Abstract:
Text-to-image models use user-generated prompts to produce images. Such text-to-image models as DALL-E 2, Imagen, Stable Diffusion, and Midjourney can generate photorealistic or similar to human-drawn images. Apart from imitating human art, large text-to-image models have learned to produce combinations of pixels reminiscent of captions in natural languages. For example, a generated image might contain a figure of an animal and a symbol combination reminding us of human-readable words in a natural language describing the biological name of this species. Although the words occasionally appearing on generated images can be human-readable, they are not rooted in natural language vocabularies and make no sense to non-linguists. At the same time, we find that semiotic and linguistic analysis of the so-called hidden vocabulary of text-to-image models will contribute to the field of explainable AI and prompt engineering.

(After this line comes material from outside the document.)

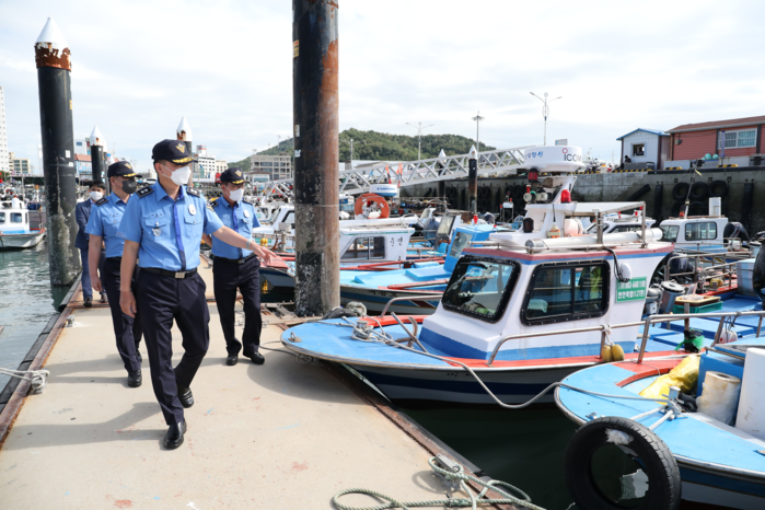 | ▲ 이명준 서해해경청장, 태풍 ‘찬투’ 북상 대비 현장점검(출처=서해지방해양경찰청) |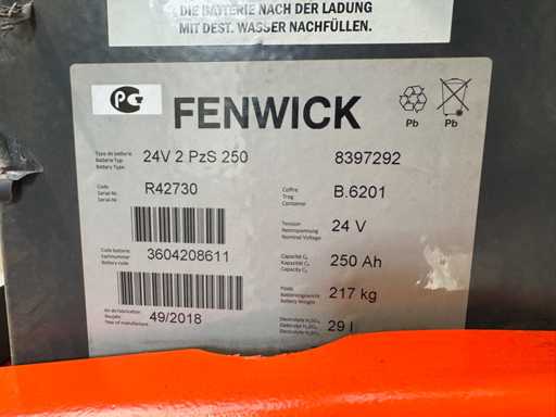 de servicio completo de Linde Batería: 49/2018 24V 250Ah, con buen rendimiento, medido a 24,7 voltios

We can use the results of this analysis to reduce the risks of applying such models in real life problem solving and to detect deepfakes. The proposed study is one of the first attempts at analyzing text-to-image models from the point of view of semiotics and linguistics. Our approach implies prompt engineering, image generation, and comparative analysis. The source code, generated images, and prompts have been made available at https://github.com/vifirsanova/text-to-image-explainable.
Key words and phrases:explainable artificial intelligence, text-to-image synthesis, diffusion models.